From: ITAGAKI Takahiro <itagaki(dot)takahiro(at)oss(dot)ntt(dot)co(dot)jp>
To: "Andrew - Supernews" <andrew(at)supernews(dot)net>, pgsql-patches(at)postgresql(dot)org
Subject: UTF8MatchText
Date: 2007-04-02 04:56:04
Message-ID: 20070402133445.DDF8.ITAGAKI.TAKAHIRO@oss.ntt.co.jp (view raw or flat)
Thread:
Lists: pgsql-hackerspgsql-patches
"Andrew - Supernews" <andrew(at)supernews(dot)net> wrote:

>  ITAGAKI> I think all "safe ASCII-supersets" encodings are comparable
>  ITAGAKI> by bytes, not only UTF-8.
> 
> This is false, particularly for EUC.

Umm, I see.
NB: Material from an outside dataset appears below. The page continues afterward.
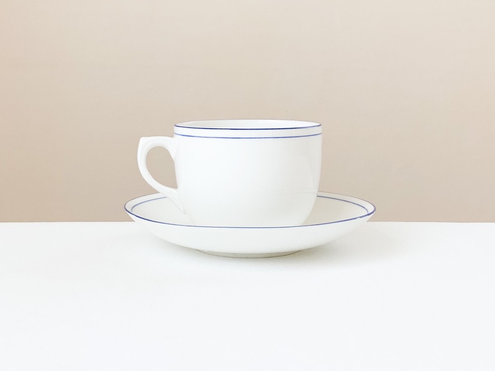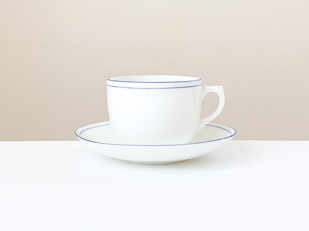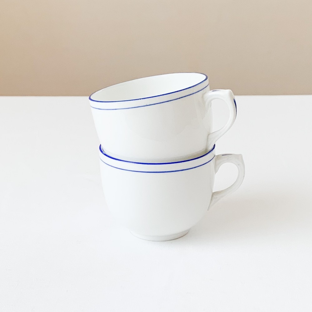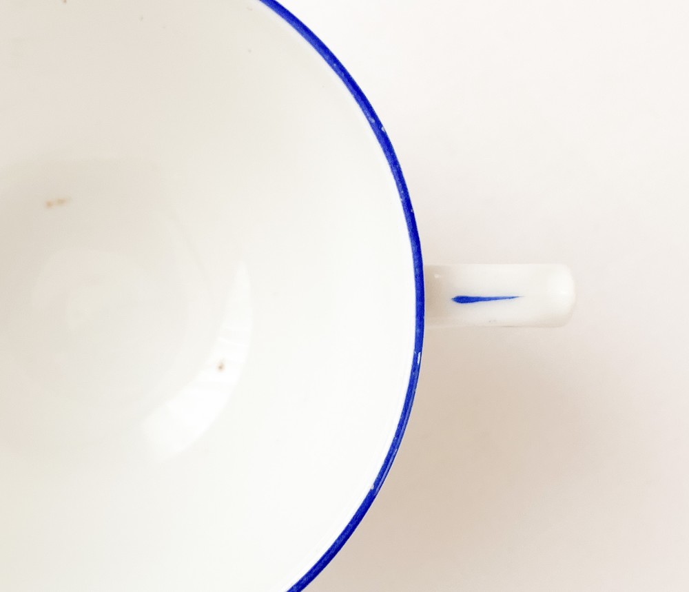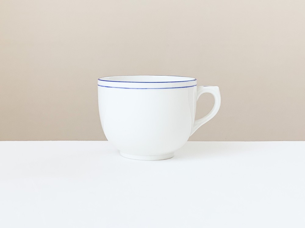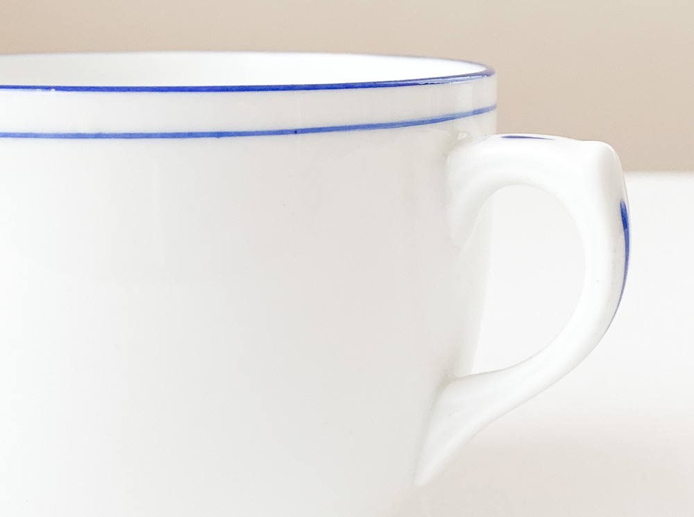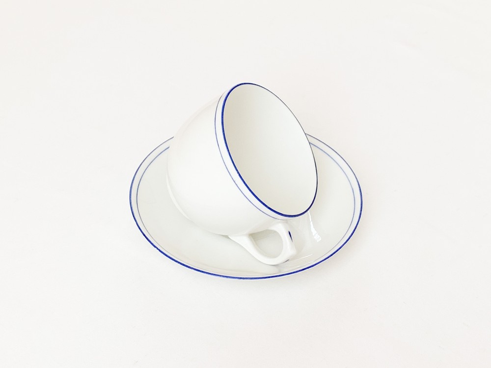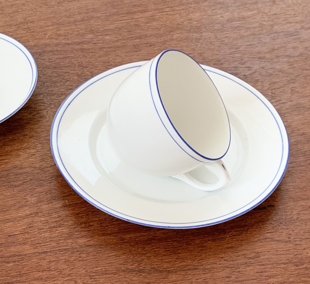 폴리의 빈티지 티트리오 입니다. 폴리는 1850년 스토크온트렌트에서 시작 된 브랜드입니다. 본차이나를 다루는 분야에서 언제나 선두에 있던 웨지우드와 웨지우드의 영향아래 만들어진 켄트와 로빈슨 앤 손스의 뒤를 따라 만들어진 브랜드로- 정교한 소재의 사용과 고전적인 실루엣을 큰 모티프로 두며, 대담하고 화려한 색을 사용한 본차이나를 주로 제작했습니다. 이국적이고 목가적인 분위기가 담겨있지만 고전의 형식을 잘 갖춘 특별한 분위기의 테이블웨어들은 영국과 유럽의 귀족들로 부터 큰 호응을 얻었습니다. 소개해드리는 제품들은 1930년대에 만들어졌습니다. 브랜드가 시작 된 배경을 잘 보여주는 소재인- 밝은 아이보리의 본차이나로 제작 되었으며, 단정하고 풍성한 곡선으로 모양을 갖추고 있습니다. 아름다운 윤을 띄는 오목한 찻잔, 넓직하고 낮게 펼쳐져 더욱 깊은 화사함이 전해지는 케이크 플레이트가 준비되어 있습니다. 각각의 가장자리에는 명도에 약간의 차이를 둔 코발트 블루의 줄무늬가 얌전한 터치로 그려졌습니다. 여유있는 오후 시간의 하이티high tea 테이블을 위한 그릇들로, 잔잔한 아침식사 시간의 간결한 그릇으로 사용하기에 잘 어울립니다.

I updated the optimization to be used only for UTF8 case.
I also added some inlining hints that are useful on my machine (Pentium 4).
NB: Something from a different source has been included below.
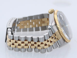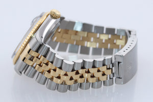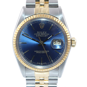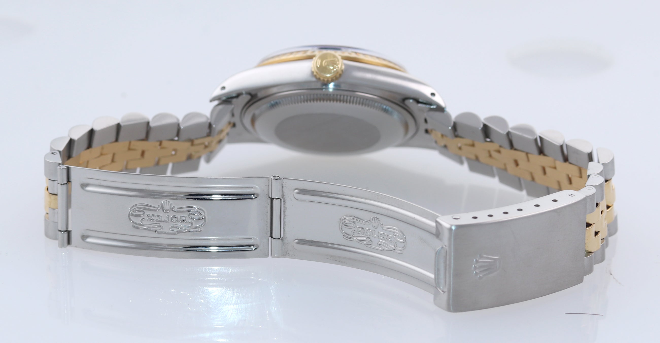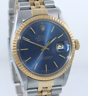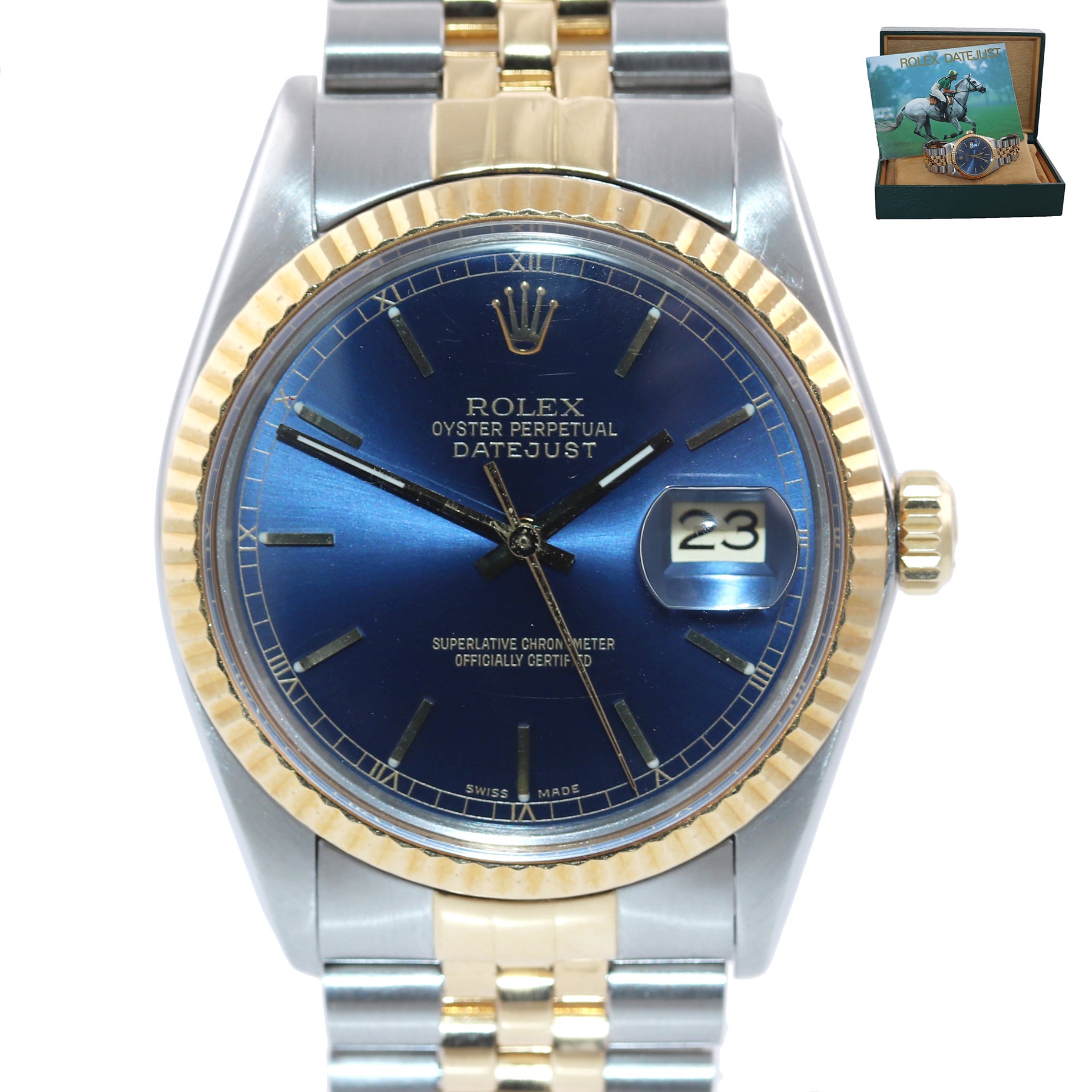 Rolex DateJust 16013 Two-Tone 18k Yellow Gold Steel Jubilee Band Blue Stick Watch Box

x1000 of LIKE '%foo% on 10000 rows tables [ms]
 encoding  | HEAD  |  P1   |  P2   |  P3  
-----------+-------+-------+-------+-------
 SQL_ASCII |  7094 |  7120 |  7063 |  7031
 LATIN1    |  7083 |  7130 |  7057 |  7031
 UTF8      | 17974 | 10859 | 10839 |  9682
 EUC_JP    | 17032 | 17557 | 17599 | 15240

- P1: UTF8MatchText()
- P2: P1 + __inline__ GenericMatchText()
- P3: P2 + __inline__ wchareq()
      (The attached patch is P3.)

Regards,
---
ITAGAKI Takahiro
NTT Open Source Software Center


Attachment: utf8matchtext.patch
Description: application/octet-stream (17.4 KB)

In response to

Responses

pgsql-hackers by date

Next:From: Tom LaneDate: 2007-04-02 05:08:01
Subject: Re: Bug in UTF8-Validation Code?
Previous:From: Tatsuo IshiiDate: 2007-04-02 04:49:58
Subject: Re: Bug in UTF8-Validation Code?

pgsql-patches by date

Next:From: Heikki LinnakangasDate: 2007-04-02 08:27:18
Subject: Re: Current enums patch
Previous:From: Tom LaneDate: 2007-04-02 04:11:08
Subject: Re: Macros for typtype (was Re: Arrays of Complex Types)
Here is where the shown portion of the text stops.